I do use a slightly more complex model than the price, rent, 50%, PITI model I often use when someone asks "is this a good deal". That's because that very simple model can answer that basic question, but can't incorporate my other personal factors.
Here's my more complex model. This one allows me to adjust the 50% ratio (because I do management myself and am willing to do it for free) and allows me to adjust the desired cash flow (also not an immediate factor for me.) This model also lets me incorporate estimated rehab expense. It spits out a max price.
In addition, as a second level of analysis, this sheet adds the ability to consider a conventional loan with a down payment. It recalculates expected cash flow and cash on cash return.

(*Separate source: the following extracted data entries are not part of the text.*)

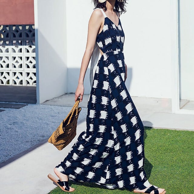 ワンピース マキシ丈 キャミワンピ チェック柄 バックコンシャス セクシー 夏 ママコーデ リゾート デート お出かけ MH2148
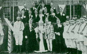 Prinz mit Elferrat und Stadtsoldaten vor dem Rathaus
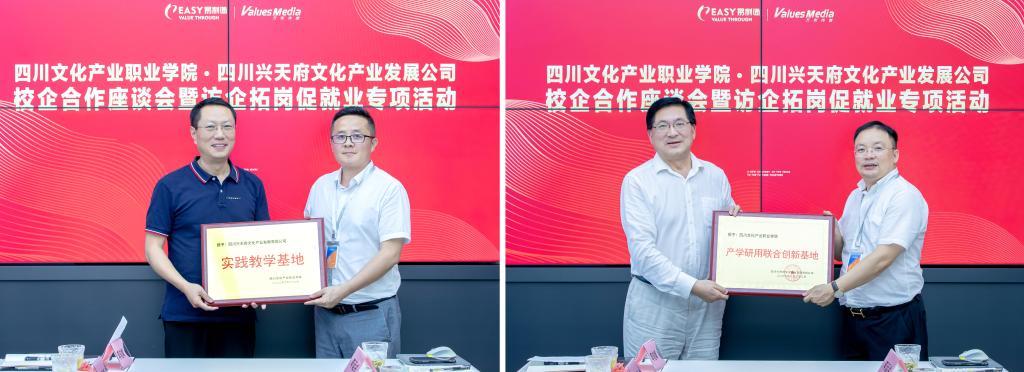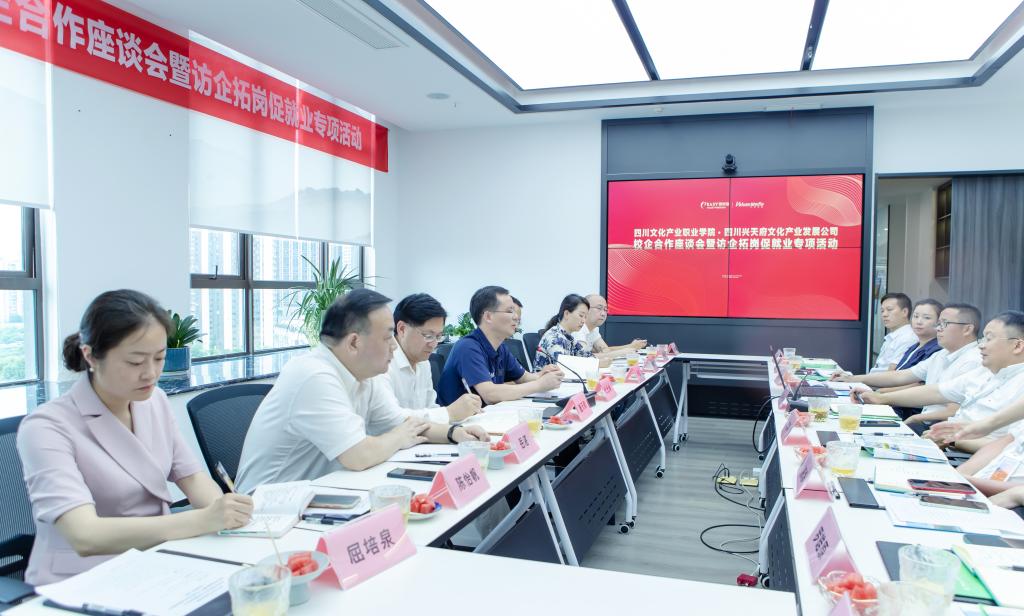 为深入贯彻落实党中央、国务院“稳就业”“保就业”决策部署,进一步深化校企合作,推深做实教育部“书记校长访企拓岗促就业”专项行动,有效拓展毕业生就业渠道和就业岗位,全力促进学校2022届毕业生更加充分更高质量就业。6月22日下午,四川省干部函授学院、四川文化产业职业学院党委书记代光举率队到四川兴天府文化产业发展有限公司走访调研并开展校企合作座谈会暨访企拓岗促就业专项会议。校党委委员、副院长朱霖陪同。
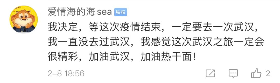 网友爱情海的海sea:“我决定,等这次疫情结束,一定要去一次武汉,我一直没去过武汉,我感觉这次武汉之旅一定会很精彩,加油武汉,加油热干面!”

I actually have a yet more complex model I've not stuffed into Google docs yet. This one incorporates the cost of using hard money to buy and rehab a property and then refinancing it into a permanent loan. It also considers the ARV and calculates the max price from both the ARV and the rent and gives you the lower of those two.
Notice what's NOT in this model though. There are no assumptions about appreciation. The are no inflation assumptions. No future adjustments to rent or expenses.
None of those values are knowable. Anything you put in for those values is nothing more than a guess. So any model that incorporates those factors is a useless model.
Yes, I've built models like that. Once in a while I still do. But its really just for amusement.
The values I input to the model may be wrong. The ARV could be off. The rent could be off. Rehab could be higher. But the values I plug in are ones I can actually determine with some confidence. I don't include factors like appreciation, inflation or what rents will be in five years. That is, values I cannot determine with any confidence.
These complex models do have two uses.
One is that if you're recruiting investors or speaking with bankers or other financial institutions, these are expected. So, you have to pick some values for these unknowables and generate a plan.
The other use is for scenario planning. Rather than saying "I think inflation will be 3% and it will drive both rents and expenses", you say "what if" and determine how the deal works if that set of assumptions comes to pass. Then, you must try many different assumptions and evaluate the deal in many possible futures. If the deal only works with a small set of possible futures, then you know its dodgy, and will only make you money if very specific things happen. If it works with many possible futures, you know its robust, and will be profitable under a wide range of conditions.
I rarely see such an exercise being done for real estate deals. All you ever see is some set of rosy assumptions that makes a bad deal look good sometime in the future. The unstated piece is "if those assumptions come to pass."
A very simple model, really, just a set of calculations based on known values, is all it takes to tell you if it works right now.